# WHAT IS EXPECTED:
Transcribe word for word each line from the one containing "A space mission" to the final line of the data, both included. Skip the pictures.

Collected data:
· · ·

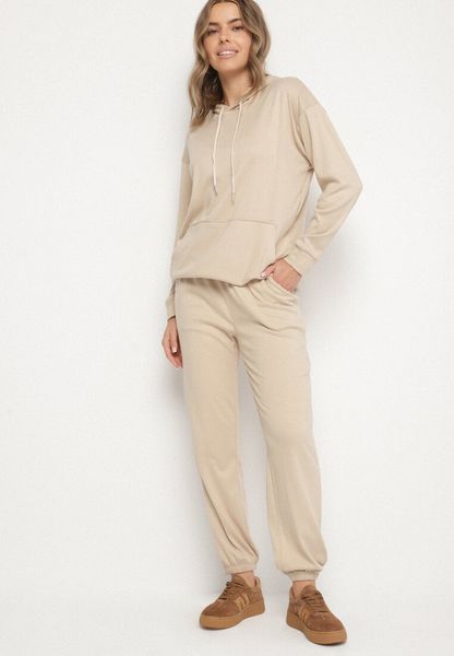 Beżowy Komplet Dresowy Bluza z Kapturem i Kangurową Kieszenią i Spodnie Liriela
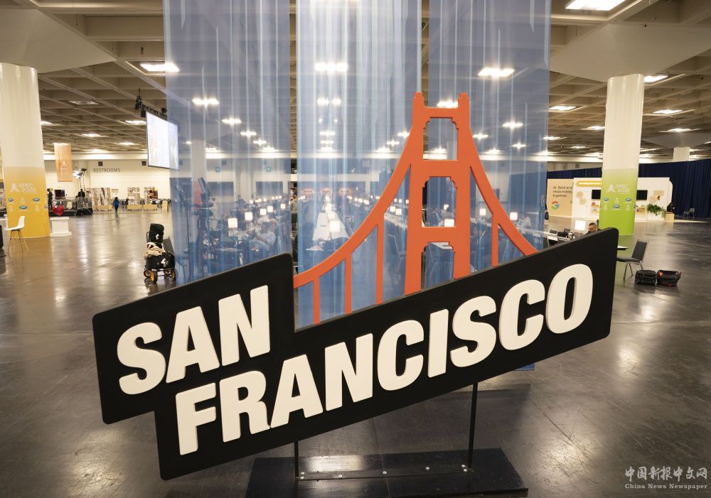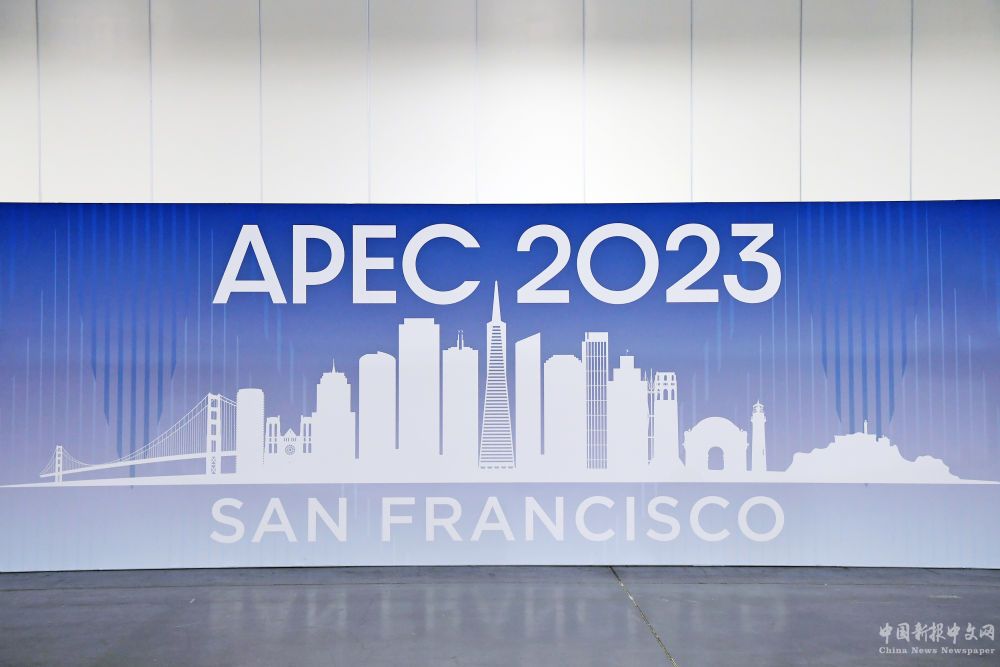 這是在美國舊金山拍攝的2023年亞太經(jīng)合組織會議國際媒體中心的海報。
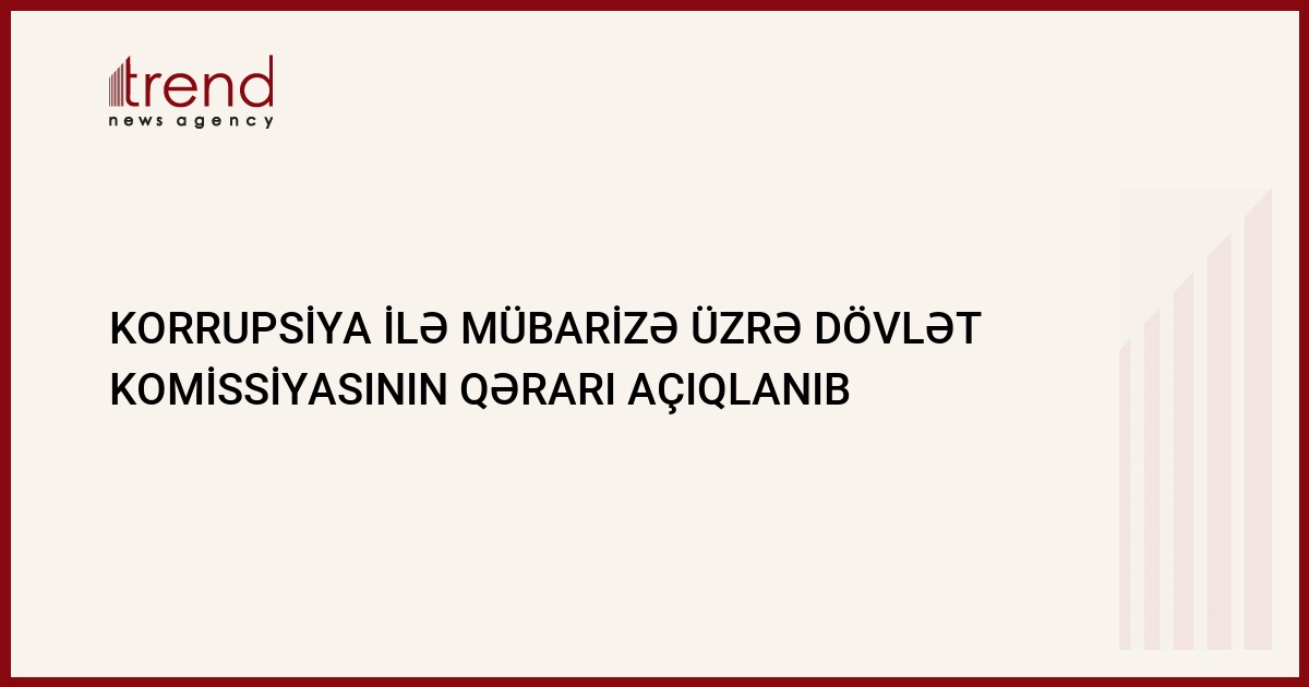 Azərbaycanın Dövlət İdarəetmə Qulluğu yanında korrupsiya ilə mübarizə üzrə Komissiyanın 4-cü iclasının qərarı açıqlanıb. Trend in məlumatına görə, Azərbaycanın Nazirlər Kabinetinə komissiyaya binanın ayrılması və onun maddi-texniki bazasının təmin olunmasına dair məktub göndərilib.
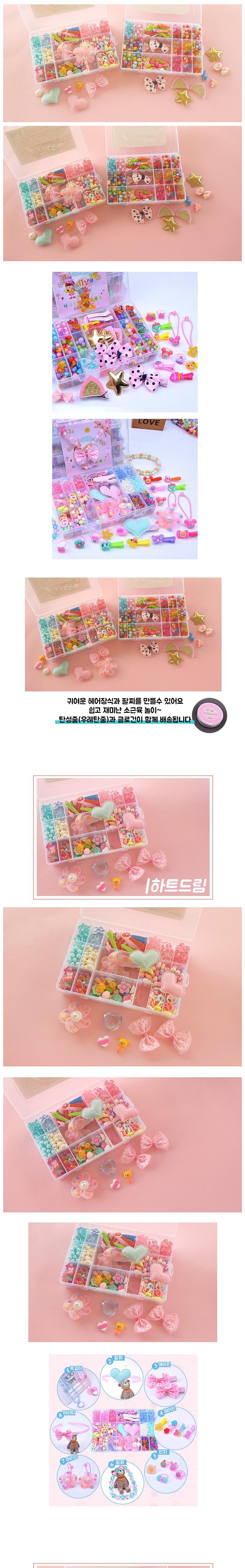 유아 어린이 비즈 팔찌 머리핀 목걸이 만들기 키즈 세트 diy 구슬 공예 재료 꿰기, [비즈세트]골드스타(탄성줄+글루건)
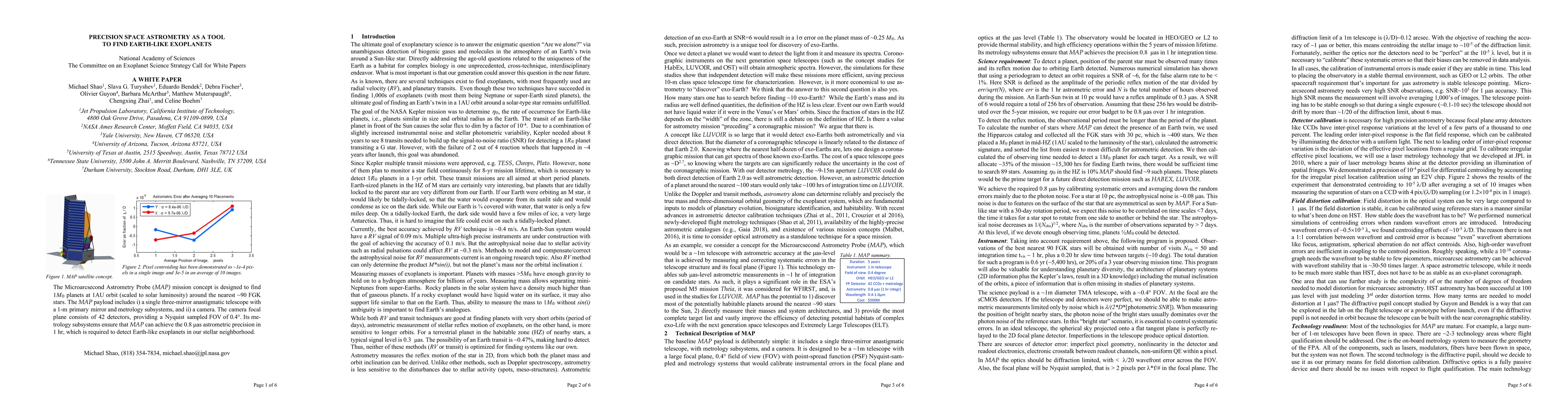 A space mission called Microarcsecond Astrometry Probe (MAP) aims to detect Earth-like exoplanets using precision astrometry within the next decade, with a focus on 90 nearby stars.
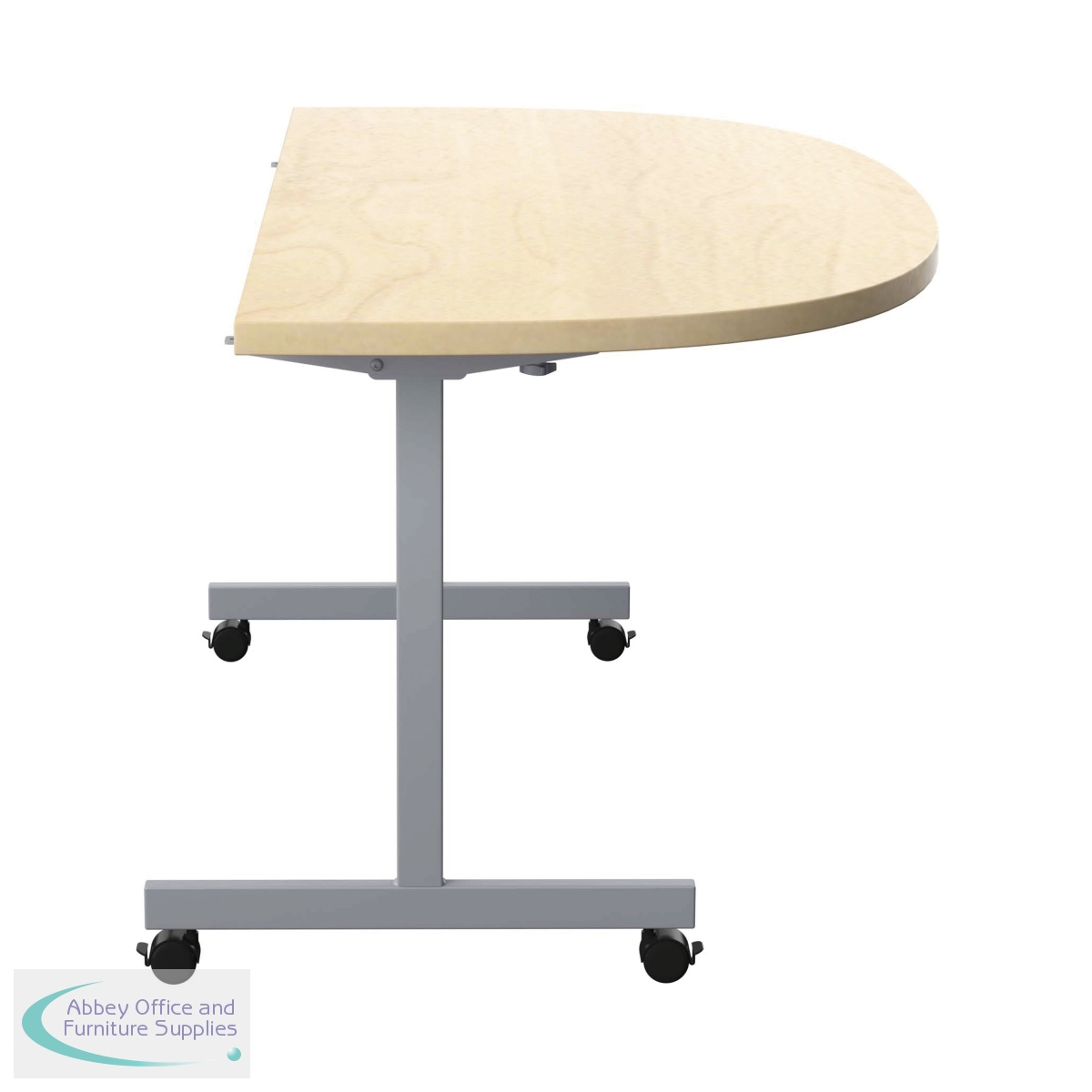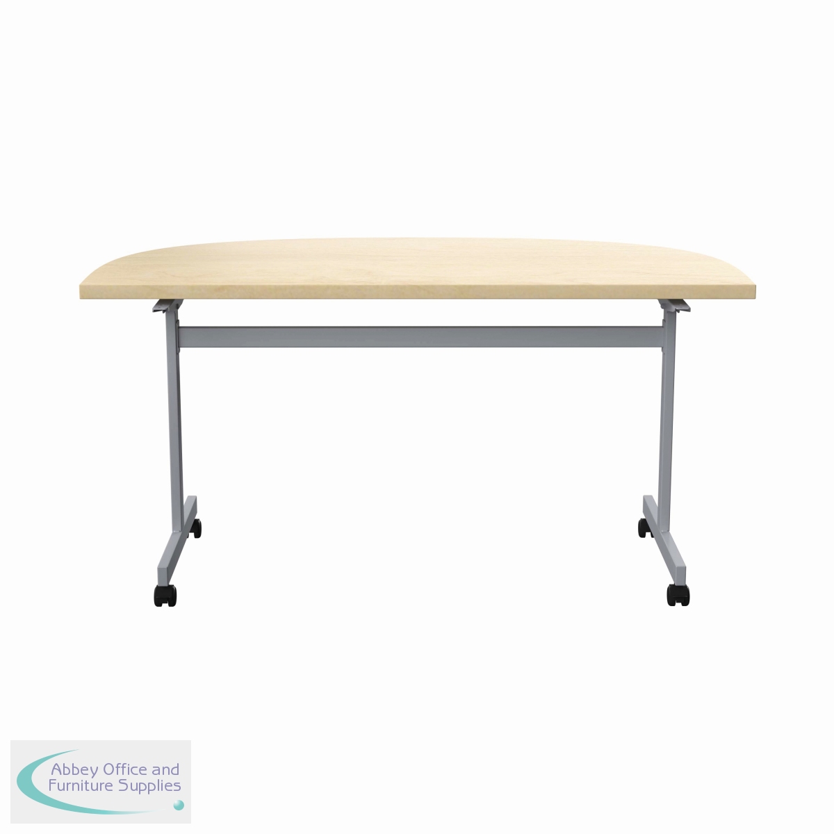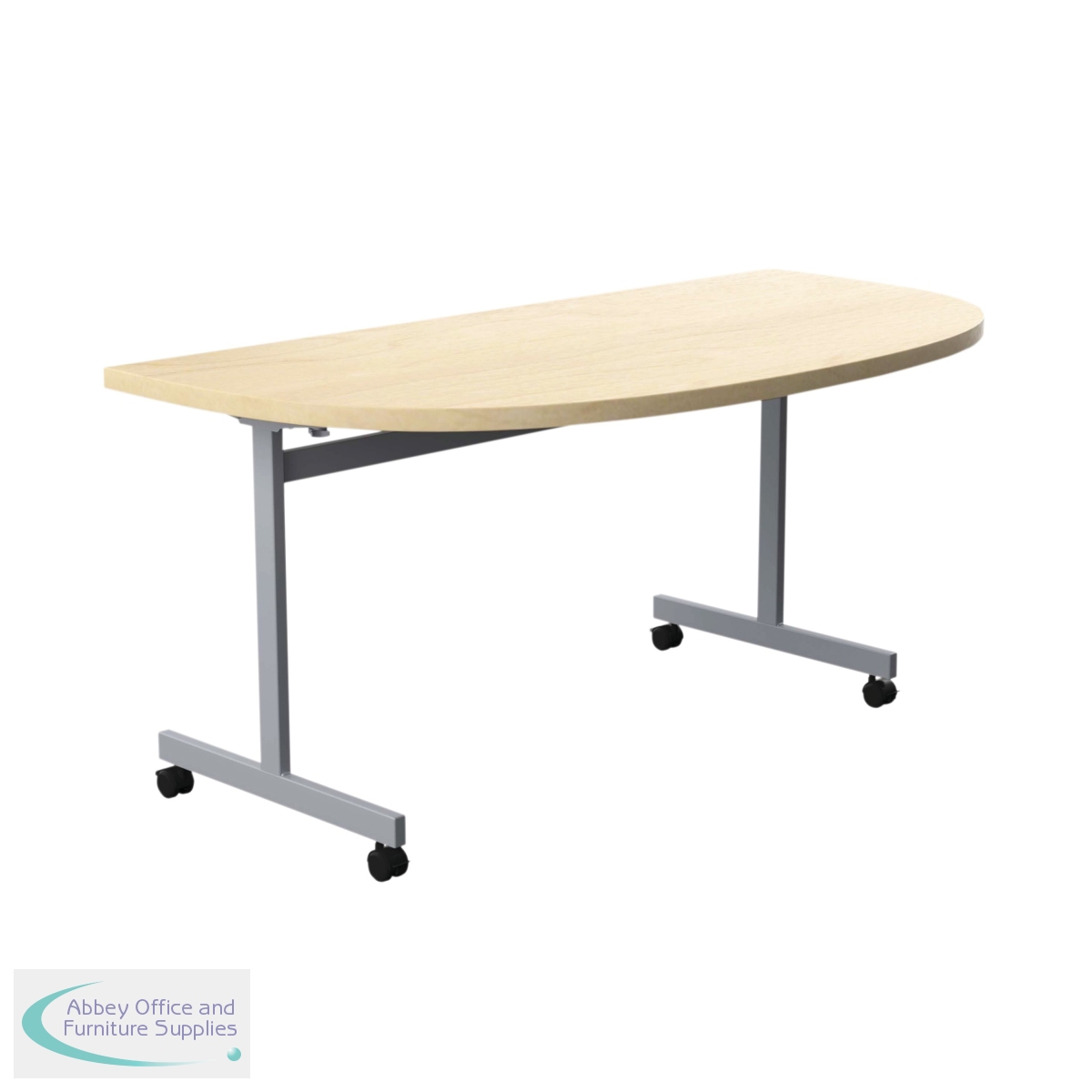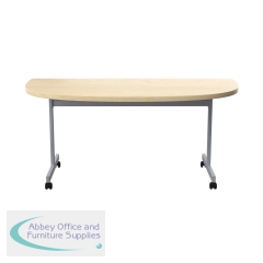 This economical mobile flip-top table has a hard-wearing MFC top and silver legs with black castors. The table nests for easy storage when not in use.
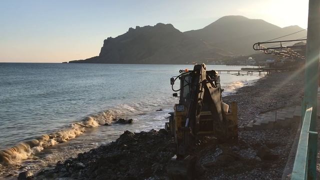 Что делает Экскаватор на пляже Коктебеля? Крым Коктебель пляж рансионата Голубого залива
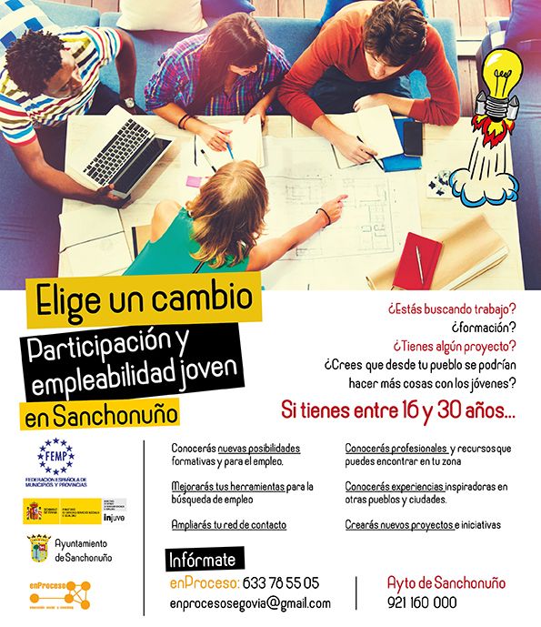 “Elige un cambio” es una iniciativa que pretende fomentar el desarrollo personal y la empleabilidad de los jóvenes de Sanchonuño y municipios de alrededor.

· · ·

# ANSWER TO THIS PROBLEM:
 A space mission called Microarcsecond Astrometry Probe (MAP) aims to detect Earth-like exoplanets using precision astrometry within the next decade, with a focus on 90 nearby stars.
 This economical mobile flip-top table has a hard-wearing MFC top and silver legs with black castors. The table nests for easy storage when not in use.
 Что делает Экскаватор на пляже Коктебеля? Крым Коктебель пляж рансионата Голубого залива
 “Elige un cambio” es una iniciativa que pretende fomentar el desarrollo personal y la empleabilidad de los jóvenes de Sanchonuño y municipios de alrededor.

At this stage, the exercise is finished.